To do: Could you restate word for word every line from the one containing "장마철 / 커버업 /" to the end of the data below, pictures excluded?

(Records drawn from a dataset)
• • • • •
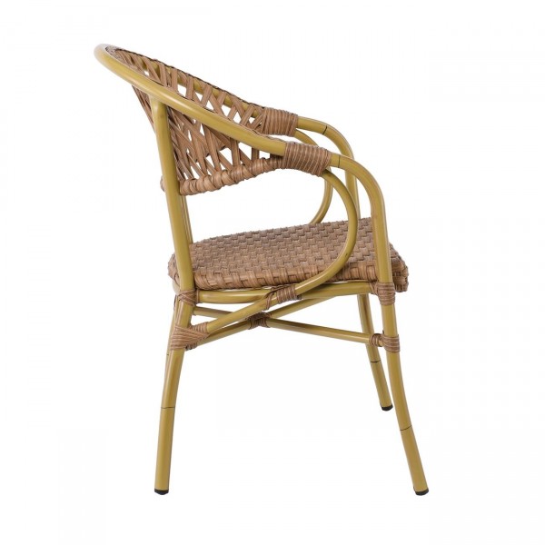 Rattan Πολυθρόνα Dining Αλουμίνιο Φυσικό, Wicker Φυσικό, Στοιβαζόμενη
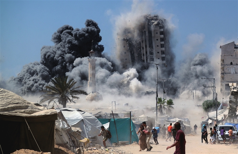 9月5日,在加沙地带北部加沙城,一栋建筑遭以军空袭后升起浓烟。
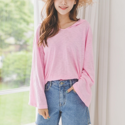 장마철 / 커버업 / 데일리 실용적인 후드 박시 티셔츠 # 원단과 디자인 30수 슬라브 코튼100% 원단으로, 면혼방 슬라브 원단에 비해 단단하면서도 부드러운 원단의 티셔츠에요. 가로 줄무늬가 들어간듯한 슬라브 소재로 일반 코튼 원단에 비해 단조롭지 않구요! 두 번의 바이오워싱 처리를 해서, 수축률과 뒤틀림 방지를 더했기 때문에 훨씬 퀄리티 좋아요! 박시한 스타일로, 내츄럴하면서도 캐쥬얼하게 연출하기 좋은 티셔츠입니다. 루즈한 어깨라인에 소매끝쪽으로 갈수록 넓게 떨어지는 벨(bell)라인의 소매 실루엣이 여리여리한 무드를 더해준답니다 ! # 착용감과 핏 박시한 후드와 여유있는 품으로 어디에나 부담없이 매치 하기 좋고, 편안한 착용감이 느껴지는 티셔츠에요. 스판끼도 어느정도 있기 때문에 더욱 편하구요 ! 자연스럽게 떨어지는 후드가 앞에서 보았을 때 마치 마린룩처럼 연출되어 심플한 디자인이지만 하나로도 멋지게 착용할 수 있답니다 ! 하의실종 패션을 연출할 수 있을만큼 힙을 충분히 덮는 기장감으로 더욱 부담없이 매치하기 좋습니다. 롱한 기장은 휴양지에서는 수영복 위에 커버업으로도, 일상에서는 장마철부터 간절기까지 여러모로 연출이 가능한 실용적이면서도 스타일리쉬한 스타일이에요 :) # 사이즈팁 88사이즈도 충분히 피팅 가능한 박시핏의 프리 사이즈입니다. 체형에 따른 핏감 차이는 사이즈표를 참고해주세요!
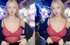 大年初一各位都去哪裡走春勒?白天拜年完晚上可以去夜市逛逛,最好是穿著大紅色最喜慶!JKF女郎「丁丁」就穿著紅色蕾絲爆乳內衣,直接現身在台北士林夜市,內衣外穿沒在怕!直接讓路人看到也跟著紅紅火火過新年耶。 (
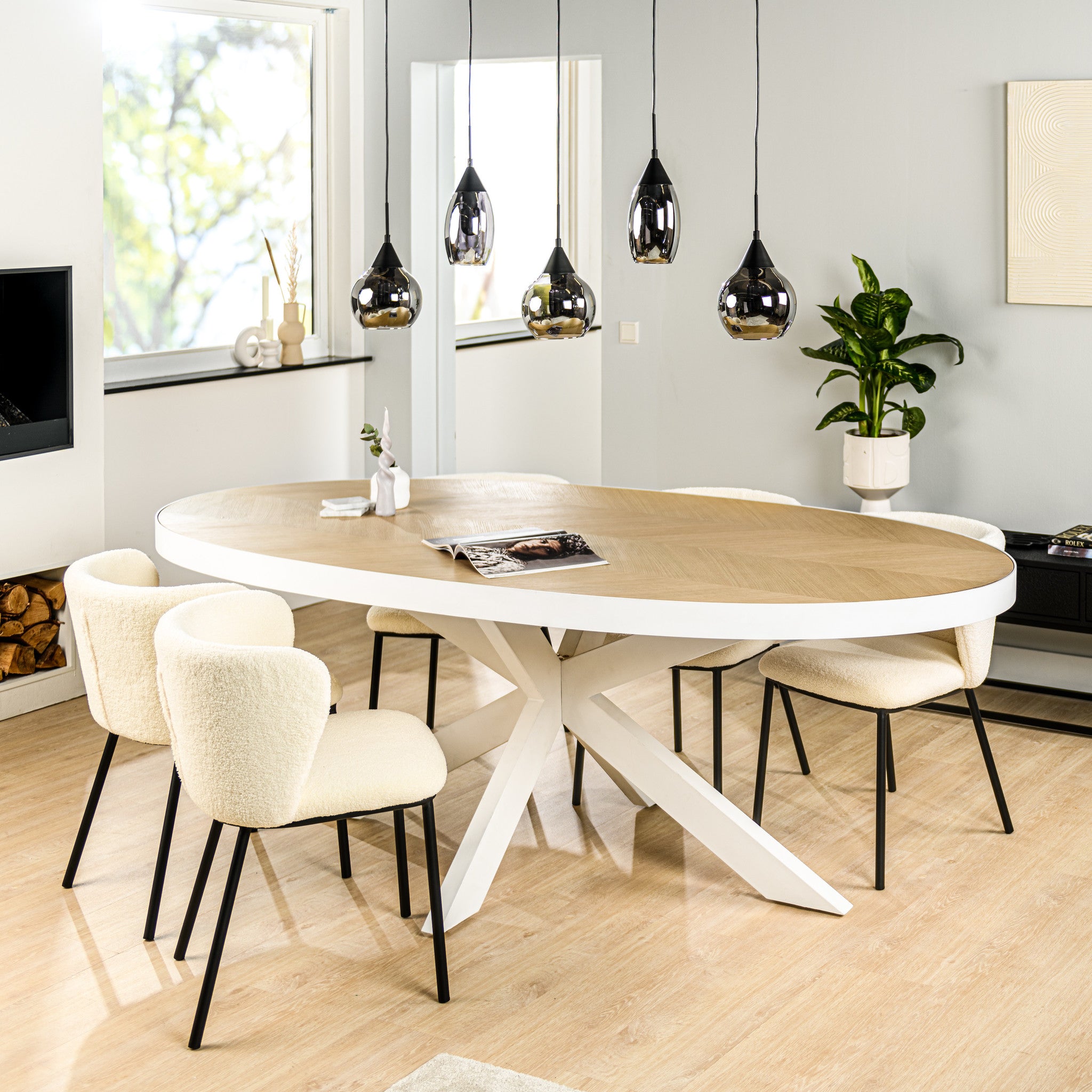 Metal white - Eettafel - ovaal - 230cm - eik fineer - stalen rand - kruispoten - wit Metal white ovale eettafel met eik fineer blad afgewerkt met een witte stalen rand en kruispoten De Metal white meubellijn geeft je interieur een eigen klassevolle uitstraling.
• • • • •
Result for this exercise:
 장마철 / 커버업 / 데일리 실용적인 후드 박시 티셔츠 # 원단과 디자인 30수 슬라브 코튼100% 원단으로, 면혼방 슬라브 원단에 비해 단단하면서도 부드러운 원단의 티셔츠에요. 가로 줄무늬가 들어간듯한 슬라브 소재로 일반 코튼 원단에 비해 단조롭지 않구요! 두 번의 바이오워싱 처리를 해서, 수축률과 뒤틀림 방지를 더했기 때문에 훨씬 퀄리티 좋아요! 박시한 스타일로, 내츄럴하면서도 캐쥬얼하게 연출하기 좋은 티셔츠입니다. 루즈한 어깨라인에 소매끝쪽으로 갈수록 넓게 떨어지는 벨(bell)라인의 소매 실루엣이 여리여리한 무드를 더해준답니다 ! # 착용감과 핏 박시한 후드와 여유있는 품으로 어디에나 부담없이 매치 하기 좋고, 편안한 착용감이 느껴지는 티셔츠에요. 스판끼도 어느정도 있기 때문에 더욱 편하구요 ! 자연스럽게 떨어지는 후드가 앞에서 보았을 때 마치 마린룩처럼 연출되어 심플한 디자인이지만 하나로도 멋지게 착용할 수 있답니다 ! 하의실종 패션을 연출할 수 있을만큼 힙을 충분히 덮는 기장감으로 더욱 부담없이 매치하기 좋습니다. 롱한 기장은 휴양지에서는 수영복 위에 커버업으로도, 일상에서는 장마철부터 간절기까지 여러모로 연출이 가능한 실용적이면서도 스타일리쉬한 스타일이에요 :) # 사이즈팁 88사이즈도 충분히 피팅 가능한 박시핏의 프리 사이즈입니다. 체형에 따른 핏감 차이는 사이즈표를 참고해주세요!
 大年初一各位都去哪裡走春勒?白天拜年完晚上可以去夜市逛逛,最好是穿著大紅色最喜慶!JKF女郎「丁丁」就穿著紅色蕾絲爆乳內衣,直接現身在台北士林夜市,內衣外穿沒在怕!直接讓路人看到也跟著紅紅火火過新年耶。 (
 Metal white - Eettafel - ovaal - 230cm - eik fineer - stalen rand - kruispoten - wit Metal white ovale eettafel met eik fineer blad afgewerkt met een witte stalen rand en kruispoten De Metal white meubellijn geeft je interieur een eigen klassevolle uitstraling.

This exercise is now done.